**Exercise brief**
The entries below are to be copied exactly, with every picture left out.

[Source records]
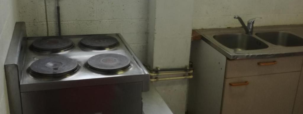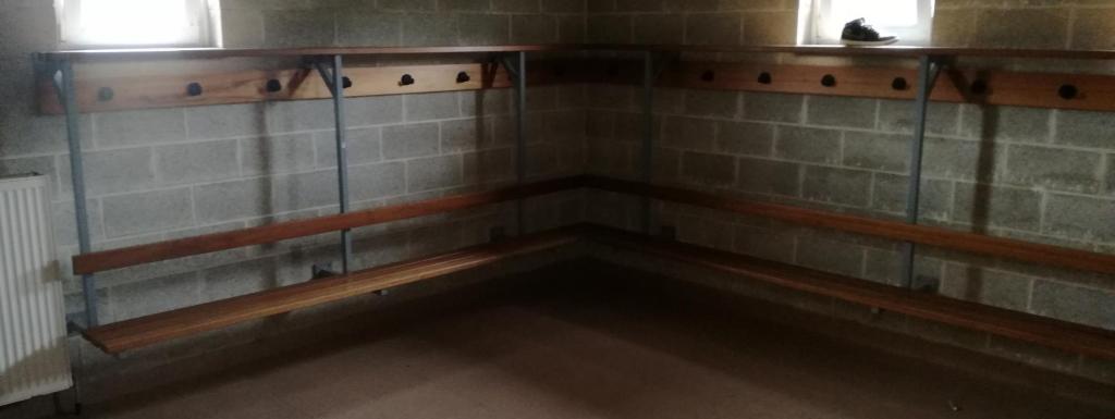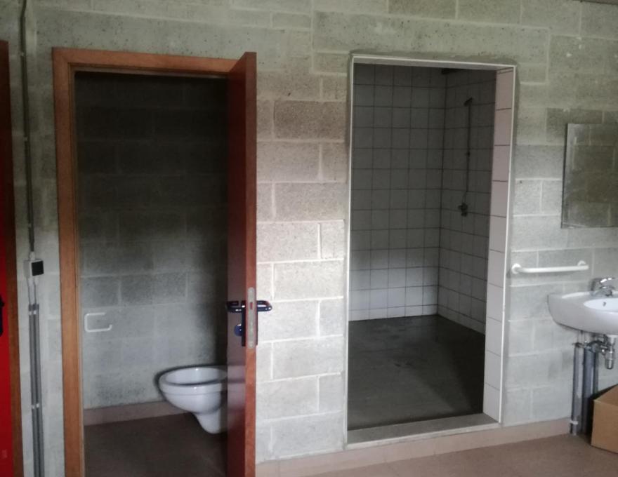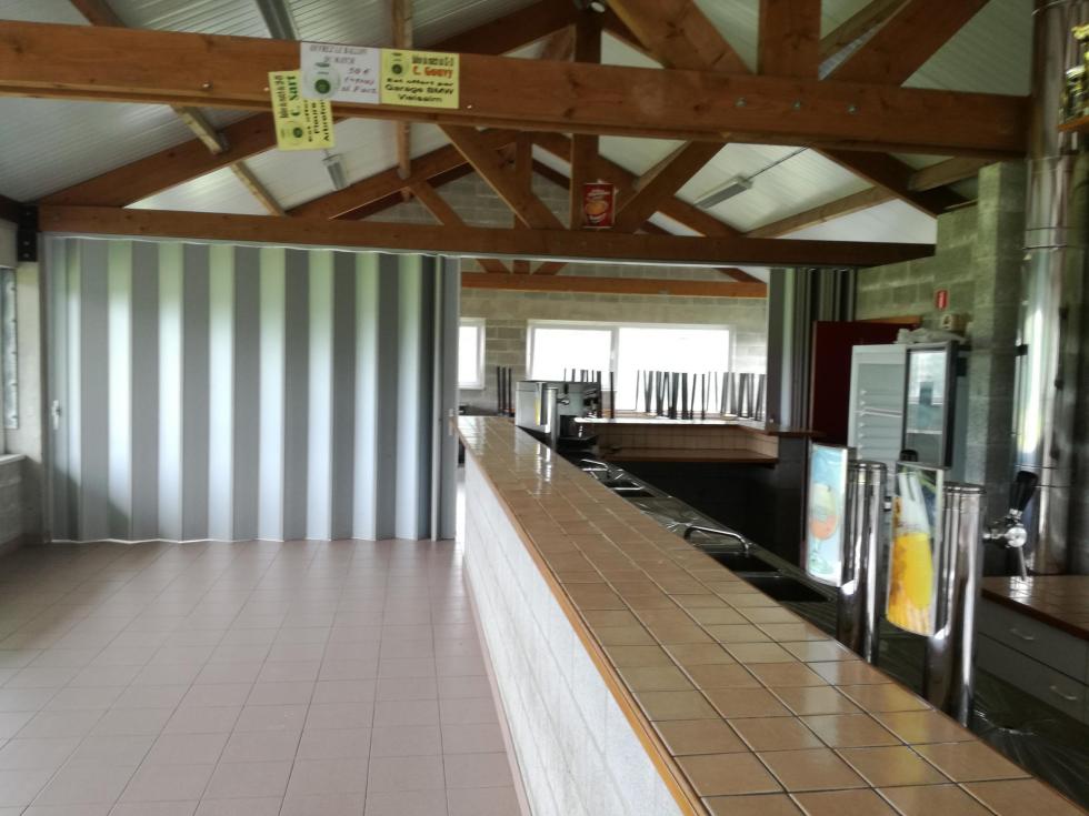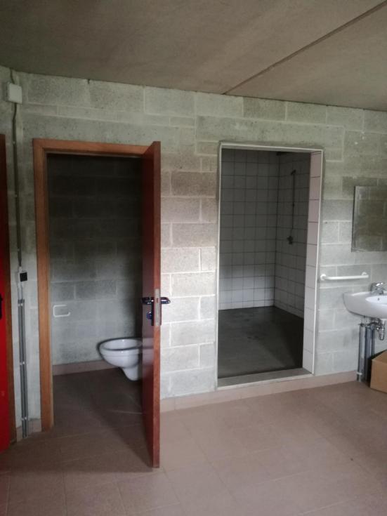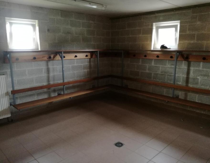 Batiment de club de foot avec à l'étage une grande buvette, cuisine ( frigo cuisinière, four, lave vaisselle, vaiselle, etc.. ) et WC et au rez 4 grands vestiaires chacun équipés de 6 douches pouvant être coupées individuellement et wc,2 petits vestiaires avec 1 douche individuelle, local de rangement matériel.Terrain de foot à votre disposition, possibilité de faire feux de camp, barbecue. Possibilité de planter des tentes. WIFI DISPONIBLE GRATUIT + TV
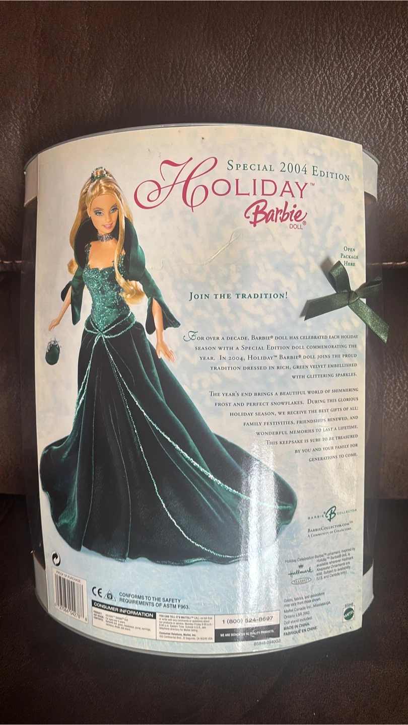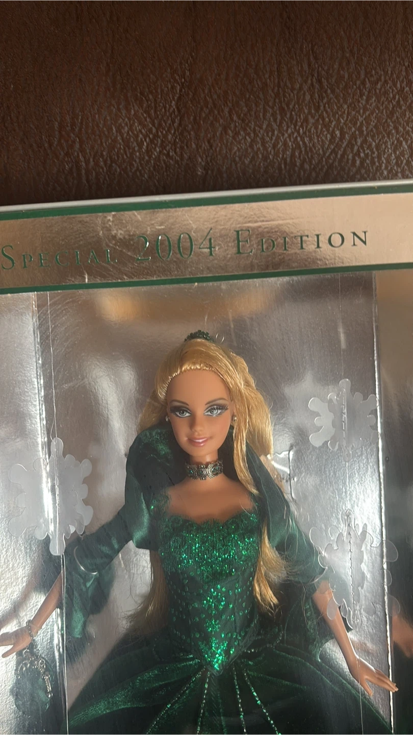 Selling a Special 2004 Edition Holiday Barbie doll! This Barbie doll celebrates each holiday season with a special edition doll. The doll is dressed in rich, green velvet embellished with glittering snowflakes. Wonderful memories to last a lifetime! The box is included
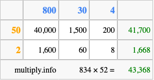 That's all there is to it! As you can see from the box above, the answer to 834 times 52 using the box method is 43,368.
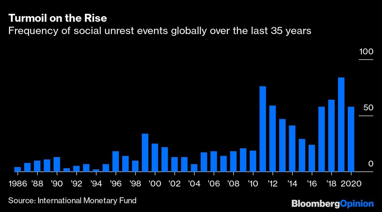 A new paper published by three economists at the International Monetary Fund identifies a rising frequency of social unrest events since the mid-1980s, with peaks in 1999, 2011 and 2019. As Metodij Hadzi-Vaskov, Samuel Pienknagura and Luca Ricci point out, there is a kind of feedback loop, whereby a major unrest event is associated with a 1-percentage-point reduction in GDP six quarters after the event. They cite the yellow-vest protests in France in 2018 and the pro-democracy protests in Hong Kong a year later as examples of the process whereby unruly protests make a country’s economic situation significantly worse.
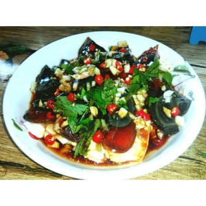 准备所有材料,嫩豆腐切片铺盘底,青椒切碎丁围盘边,皮蛋一分为四摆豆腐上
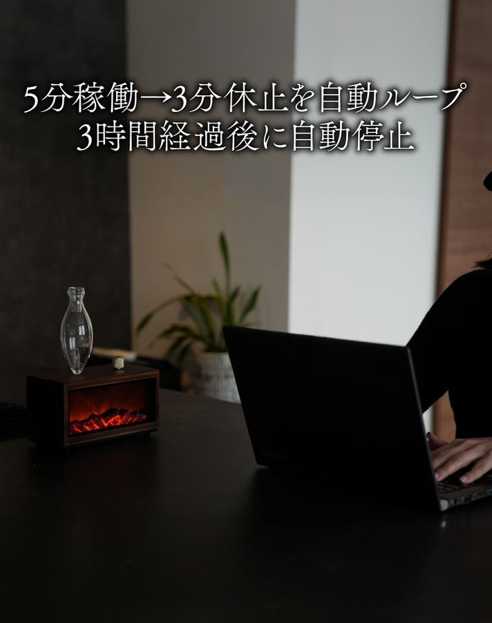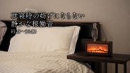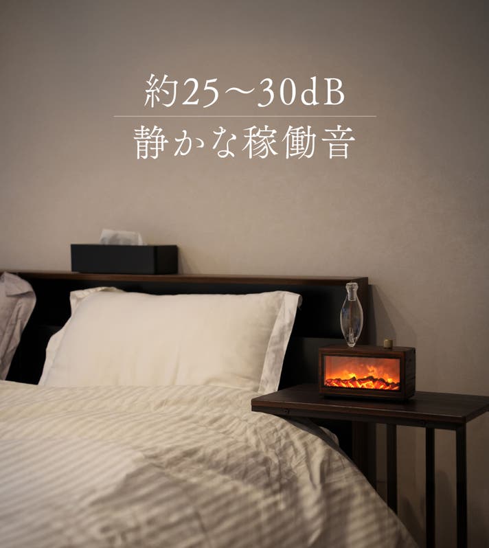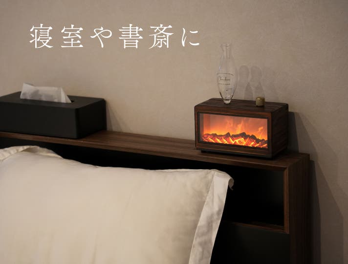 暖炉の炎を模したライト機能も完備しており、視覚からも安らぎをお届け。
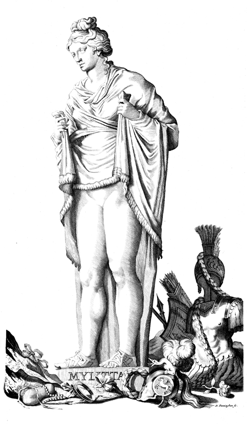 Description: Mylitta, the Babylonian goddess of love and fertility and war, associated with goddesses such as the Phoenician Astarte, the Sumerian Inanna, and the Assyrian Ishtar. Engraved by D. Penninghen.
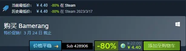 購買地址:https://store.steampowered.com/app/1236490/Bamerang/
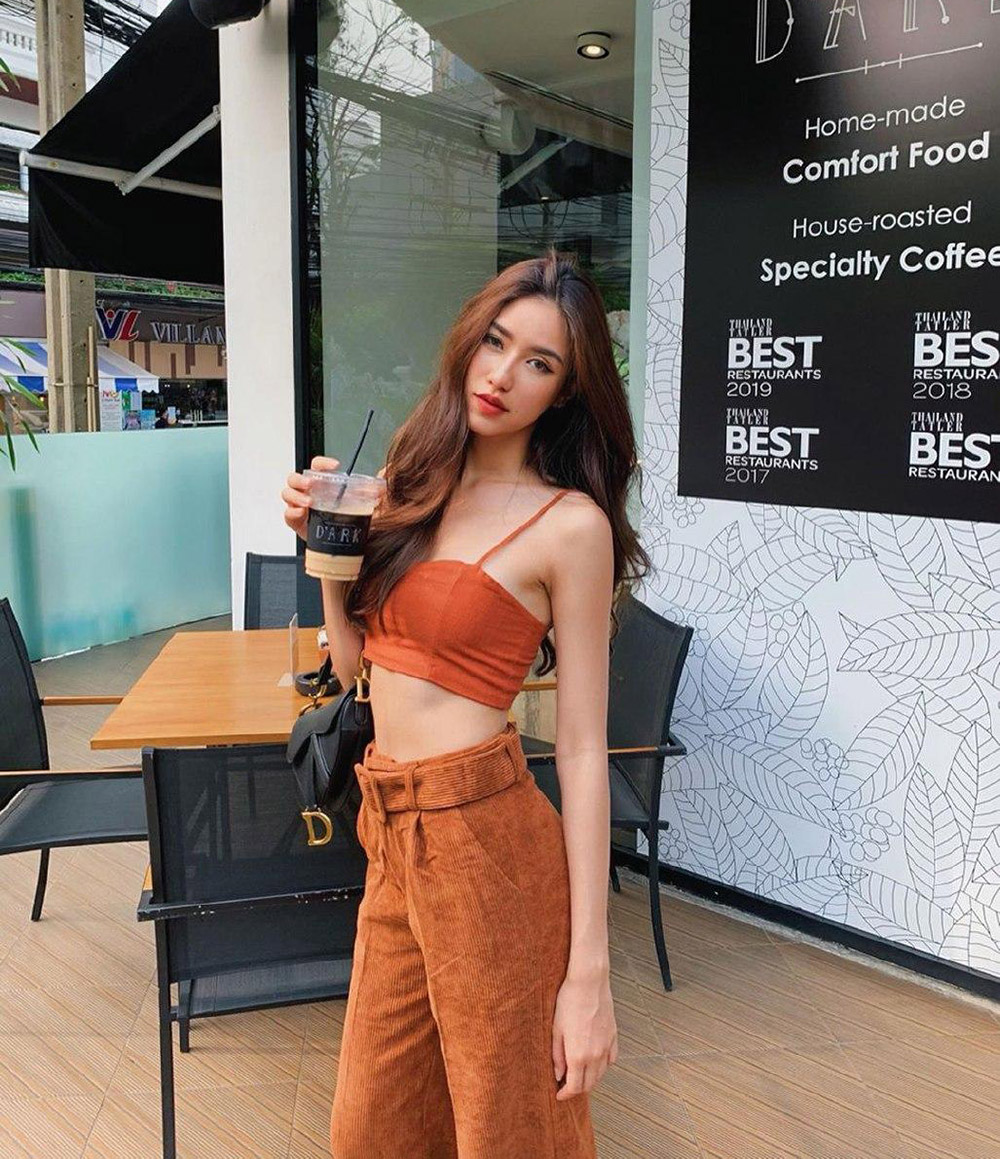 เสื้อสีส้มตัดกับดำแบบ พลอย หอวัง ก็แซ่บไฟลุกอยู่นะ
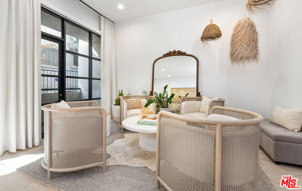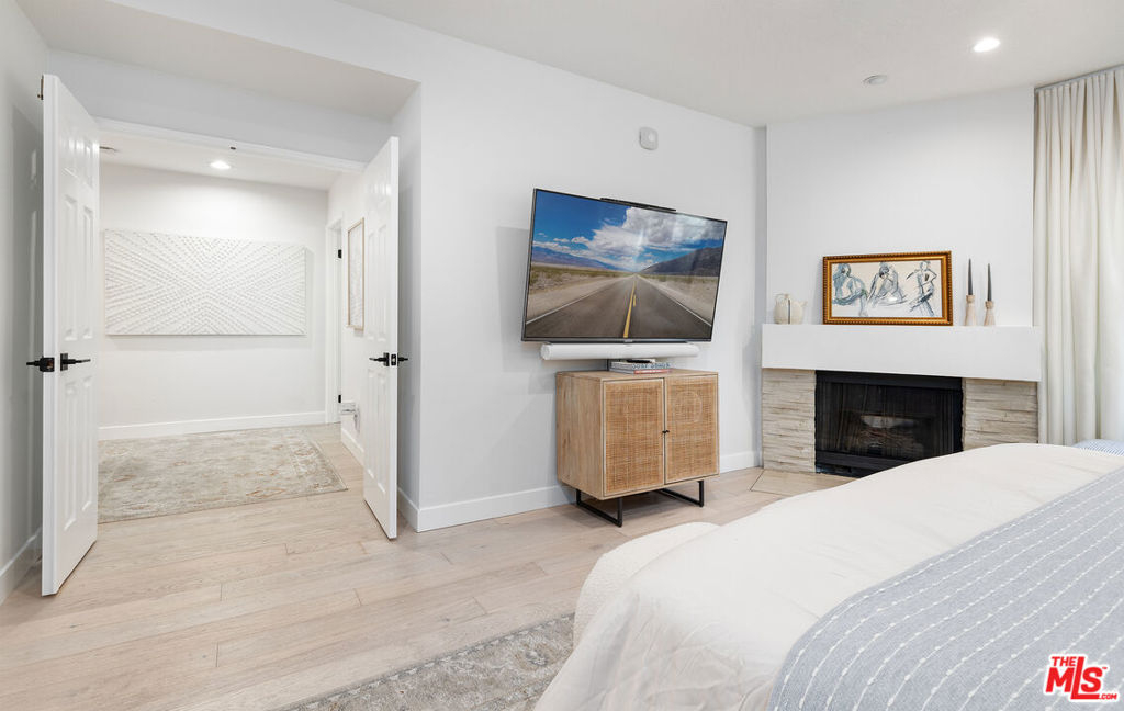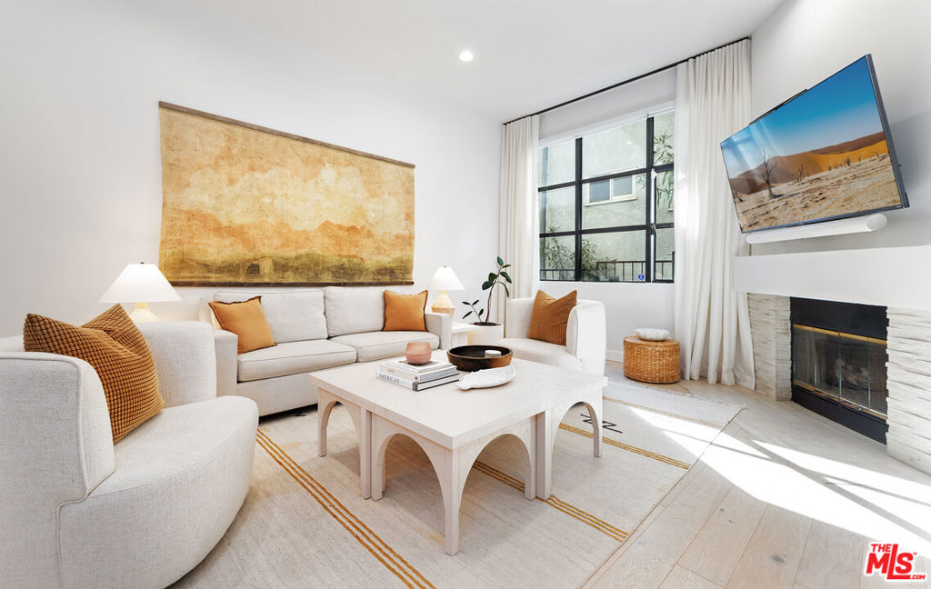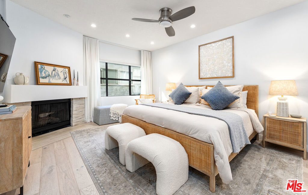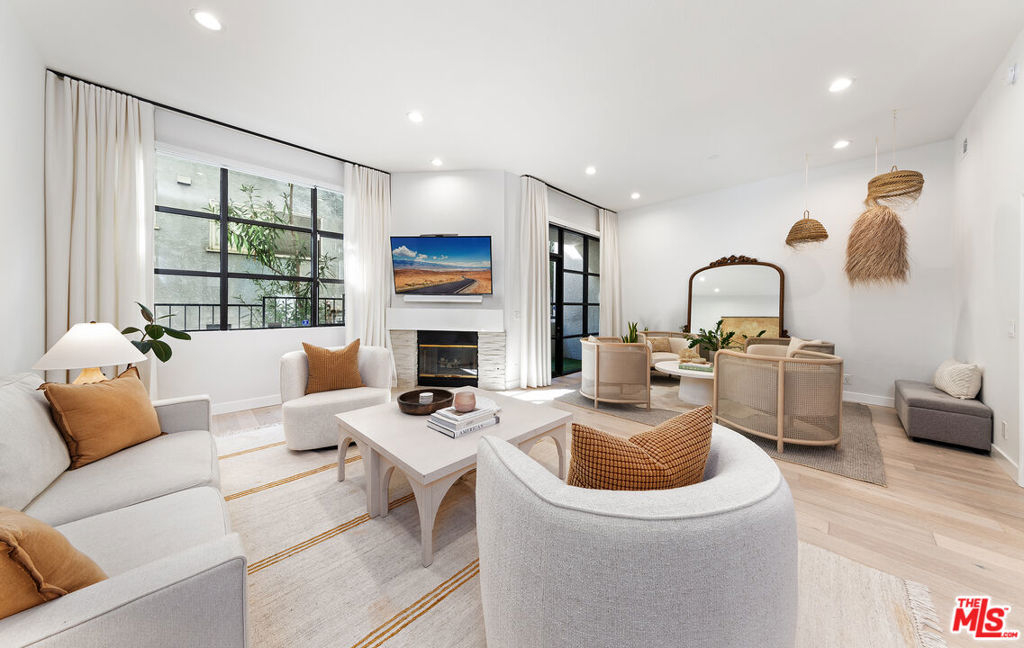 Experience the ultimate in style and comfort with this newly designed townhouse-style condo in a prime Brentwood location. Upon entry, you'll be greeted by an impressive foyer leading to an open living and dining space with soaring ceilings, a decorative fireplace, and a sleek bar area. Wide-plank flooring, bright walls, and stunning contemporary fixtures enhance the sophisticated vibe. The kitchen is a masterpiece with custom cabinetry, high-end stainless steel appliances, and a serene garden planter view overlooking the pool. The primary suite offers a tranquil escape, featuring a decorative fireplace, a dressing area, and a spa-inspired bath with double sinks, a floating tub, and a luxurious shower. Upstairs, a second light-filled bedroom and a chic modern bathroom complete the space. Additional perks include a stylish laundry room, two individual parking spots, and extra custom storage. Residents can also enjoy the courtyard pool, spa, and guest parking.

**Answer section**
 Batiment de club de foot avec à l'étage une grande buvette, cuisine ( frigo cuisinière, four, lave vaisselle, vaiselle, etc.. ) et WC et au rez 4 grands vestiaires chacun équipés de 6 douches pouvant être coupées individuellement et wc,2 petits vestiaires avec 1 douche individuelle, local de rangement matériel.Terrain de foot à votre disposition, possibilité de faire feux de camp, barbecue. Possibilité de planter des tentes. WIFI DISPONIBLE GRATUIT + TV
 Selling a Special 2004 Edition Holiday Barbie doll! This Barbie doll celebrates each holiday season with a special edition doll. The doll is dressed in rich, green velvet embellished with glittering snowflakes. Wonderful memories to last a lifetime! The box is included
 That's all there is to it! As you can see from the box above, the answer to 834 times 52 using the box method is 43,368.
 A new paper published by three economists at the International Monetary Fund identifies a rising frequency of social unrest events since the mid-1980s, with peaks in 1999, 2011 and 2019. As Metodij Hadzi-Vaskov, Samuel Pienknagura and Luca Ricci point out, there is a kind of feedback loop, whereby a major unrest event is associated with a 1-percentage-point reduction in GDP six quarters after the event. They cite the yellow-vest protests in France in 2018 and the pro-democracy protests in Hong Kong a year later as examples of the process whereby unruly protests make a country’s economic situation significantly worse.
 准备所有材料,嫩豆腐切片铺盘底,青椒切碎丁围盘边,皮蛋一分为四摆豆腐上
 暖炉の炎を模したライト機能も完備しており、視覚からも安らぎをお届け。
 Description: Mylitta, the Babylonian goddess of love and fertility and war, associated with goddesses such as the Phoenician Astarte, the Sumerian Inanna, and the Assyrian Ishtar. Engraved by D. Penninghen.
 購買地址:https://store.steampowered.com/app/1236490/Bamerang/
 เสื้อสีส้มตัดกับดำแบบ พลอย หอวัง ก็แซ่บไฟลุกอยู่นะ
 Experience the ultimate in style and comfort with this newly designed townhouse-style condo in a prime Brentwood location. Upon entry, you'll be greeted by an impressive foyer leading to an open living and dining space with soaring ceilings, a decorative fireplace, and a sleek bar area. Wide-plank flooring, bright walls, and stunning contemporary fixtures enhance the sophisticated vibe. The kitchen is a masterpiece with custom cabinetry, high-end stainless steel appliances, and a serene garden planter view overlooking the pool. The primary suite offers a tranquil escape, featuring a decorative fireplace, a dressing area, and a spa-inspired bath with double sinks, a floating tub, and a luxurious shower. Upstairs, a second light-filled bedroom and a chic modern bathroom complete the space. Additional perks include a stylish laundry room, two individual parking spots, and extra custom storage. Residents can also enjoy the courtyard pool, spa, and guest parking.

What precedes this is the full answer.